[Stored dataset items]
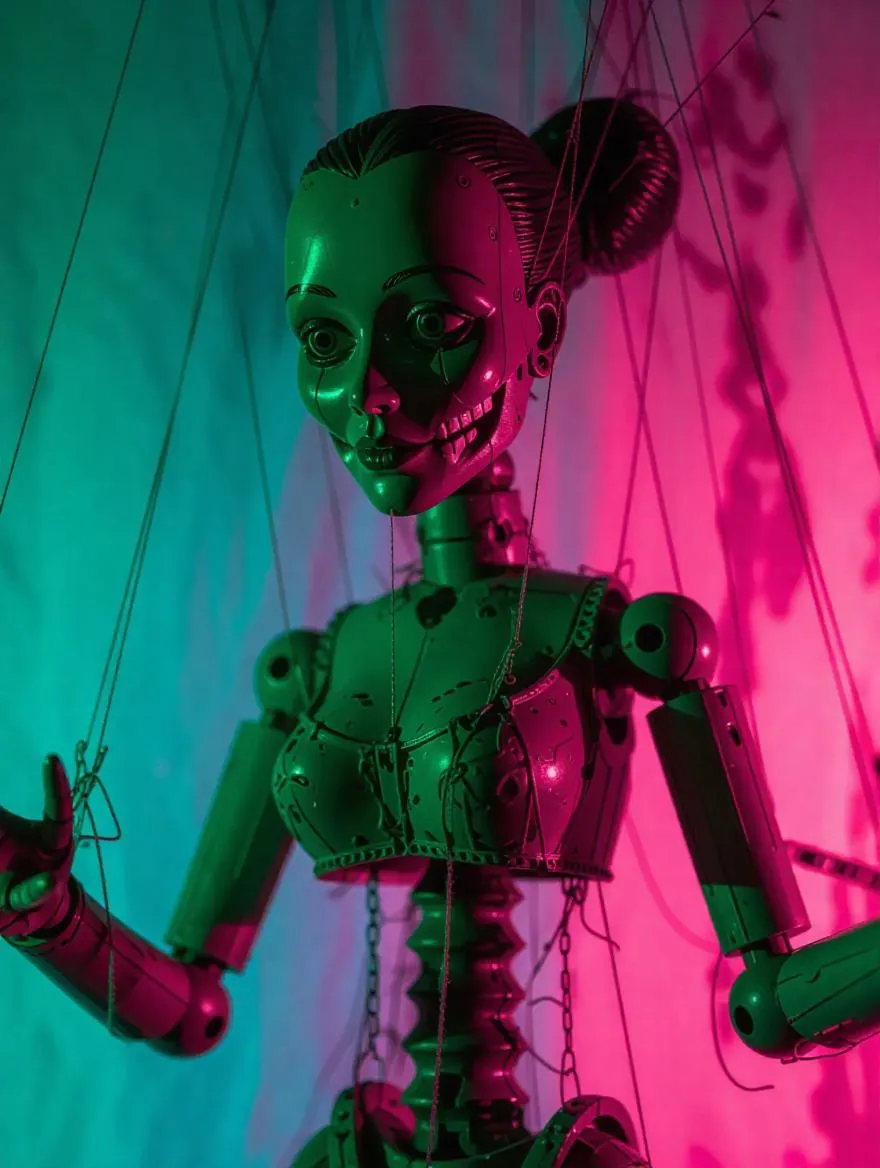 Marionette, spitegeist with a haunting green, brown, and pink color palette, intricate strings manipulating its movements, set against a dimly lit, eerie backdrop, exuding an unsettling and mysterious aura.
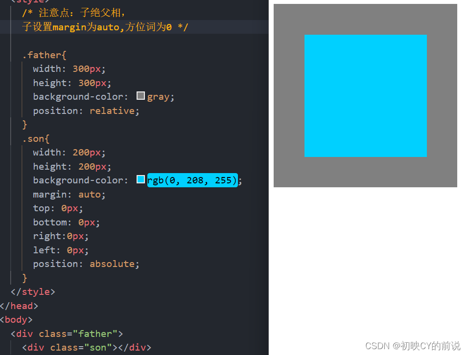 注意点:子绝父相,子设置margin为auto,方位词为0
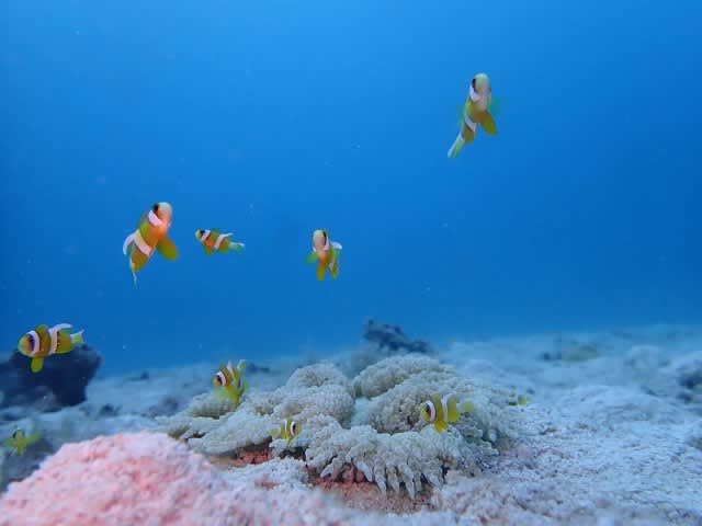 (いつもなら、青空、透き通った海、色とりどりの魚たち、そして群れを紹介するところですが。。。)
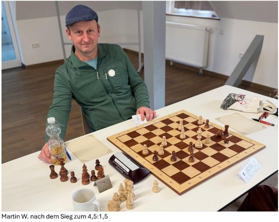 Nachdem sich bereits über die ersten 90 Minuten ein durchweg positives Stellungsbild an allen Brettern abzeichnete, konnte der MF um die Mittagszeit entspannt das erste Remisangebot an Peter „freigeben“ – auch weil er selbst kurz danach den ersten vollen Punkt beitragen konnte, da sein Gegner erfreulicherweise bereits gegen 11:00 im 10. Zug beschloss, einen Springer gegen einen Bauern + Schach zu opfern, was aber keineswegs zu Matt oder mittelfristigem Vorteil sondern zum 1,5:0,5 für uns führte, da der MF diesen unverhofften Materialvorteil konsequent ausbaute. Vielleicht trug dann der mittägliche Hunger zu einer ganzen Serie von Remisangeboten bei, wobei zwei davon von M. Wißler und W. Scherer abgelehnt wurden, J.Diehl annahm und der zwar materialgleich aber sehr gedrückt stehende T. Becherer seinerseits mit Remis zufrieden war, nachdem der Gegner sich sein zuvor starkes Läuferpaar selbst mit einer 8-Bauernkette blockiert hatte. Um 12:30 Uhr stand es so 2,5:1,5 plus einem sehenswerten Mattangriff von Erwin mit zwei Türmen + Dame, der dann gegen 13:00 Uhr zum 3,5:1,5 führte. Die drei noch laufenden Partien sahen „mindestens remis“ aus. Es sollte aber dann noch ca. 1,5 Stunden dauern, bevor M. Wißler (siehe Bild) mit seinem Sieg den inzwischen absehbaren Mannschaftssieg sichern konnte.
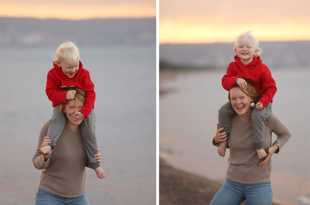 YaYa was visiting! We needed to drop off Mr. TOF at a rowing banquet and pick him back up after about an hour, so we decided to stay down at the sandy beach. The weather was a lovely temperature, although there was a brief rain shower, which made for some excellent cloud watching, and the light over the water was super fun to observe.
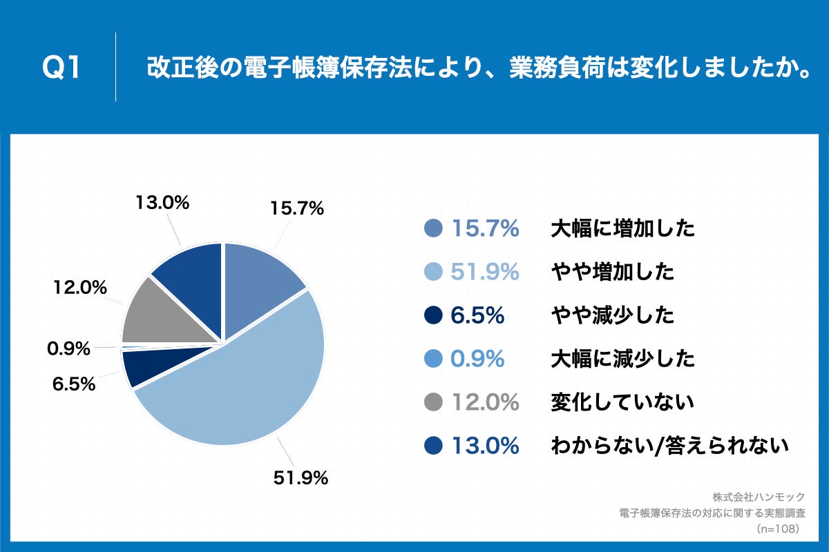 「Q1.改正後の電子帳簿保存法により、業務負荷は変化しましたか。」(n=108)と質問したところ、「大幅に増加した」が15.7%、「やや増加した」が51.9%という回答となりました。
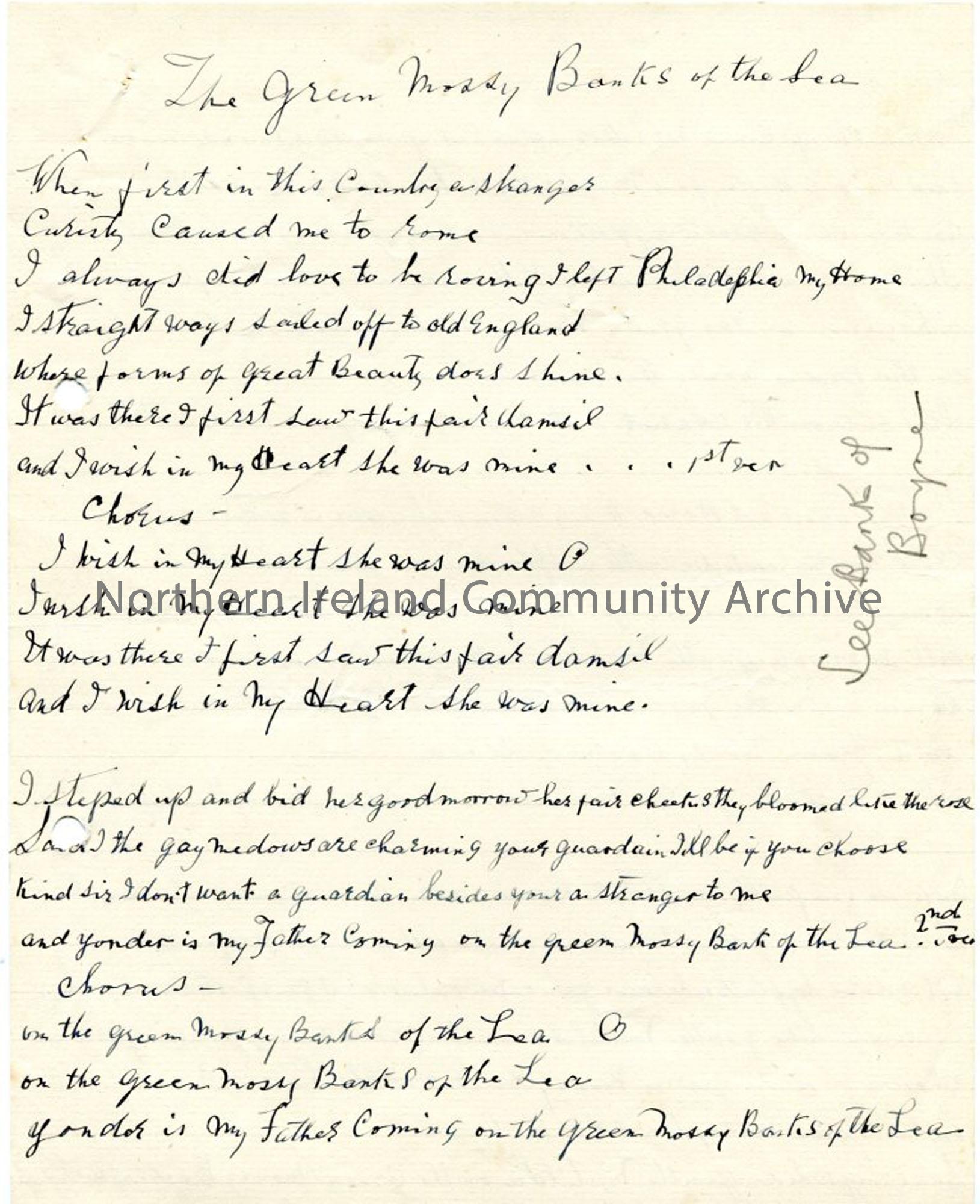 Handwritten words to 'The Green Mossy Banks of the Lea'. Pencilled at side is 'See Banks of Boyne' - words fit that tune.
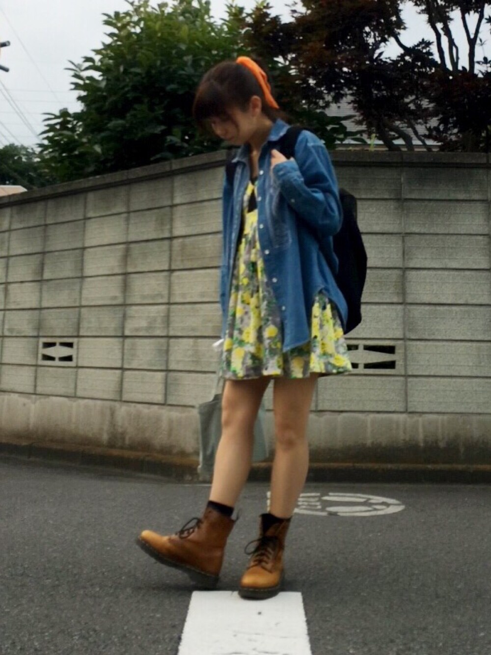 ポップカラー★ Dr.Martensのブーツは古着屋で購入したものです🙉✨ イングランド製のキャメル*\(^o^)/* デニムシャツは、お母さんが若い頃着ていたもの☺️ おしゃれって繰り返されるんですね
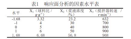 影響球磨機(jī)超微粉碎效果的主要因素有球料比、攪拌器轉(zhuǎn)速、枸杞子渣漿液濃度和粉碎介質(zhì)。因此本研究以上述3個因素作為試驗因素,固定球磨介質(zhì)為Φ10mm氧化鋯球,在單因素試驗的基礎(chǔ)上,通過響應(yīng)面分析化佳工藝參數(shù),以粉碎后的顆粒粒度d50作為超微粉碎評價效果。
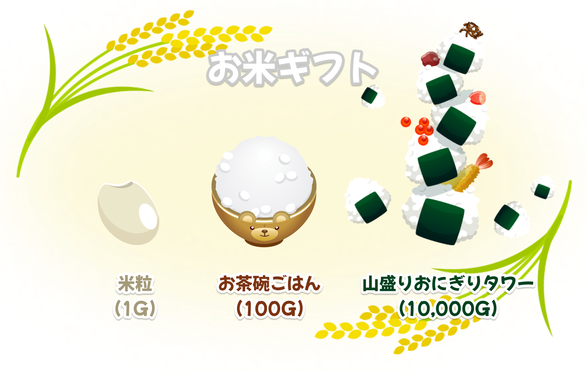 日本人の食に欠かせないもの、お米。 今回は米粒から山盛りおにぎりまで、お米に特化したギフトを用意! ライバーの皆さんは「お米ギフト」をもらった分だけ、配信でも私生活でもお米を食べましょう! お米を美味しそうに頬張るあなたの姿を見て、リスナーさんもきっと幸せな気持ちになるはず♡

Assignment: With the pictures removed, print only the lines starting at the line that has "ポップカラー★ Dr.Martensのブーツは古着屋で購入したものです🙉✨ イングランド製のキャメル*\(^o^)/*" and ending at the line that has "影響球磨機(jī)超微粉碎效", both ends included, exactly as they stand above.

Task result:
 ポップカラー★ Dr.Martensのブーツは古着屋で購入したものです🙉✨ イングランド製のキャメル*\(^o^)/* デニムシャツは、お母さんが若い頃着ていたもの☺️ おしゃれって繰り返されるんですね
 影響球磨機(jī)超微粉碎效果的主要因素有球料比、攪拌器轉(zhuǎn)速、枸杞子渣漿液濃度和粉碎介質(zhì)。因此本研究以上述3個因素作為試驗因素,固定球磨介質(zhì)為Φ10mm氧化鋯球,在單因素試驗的基礎(chǔ)上,通過響應(yīng)面分析化佳工藝參數(shù),以粉碎后的顆粒粒度d50作為超微粉碎評價效果。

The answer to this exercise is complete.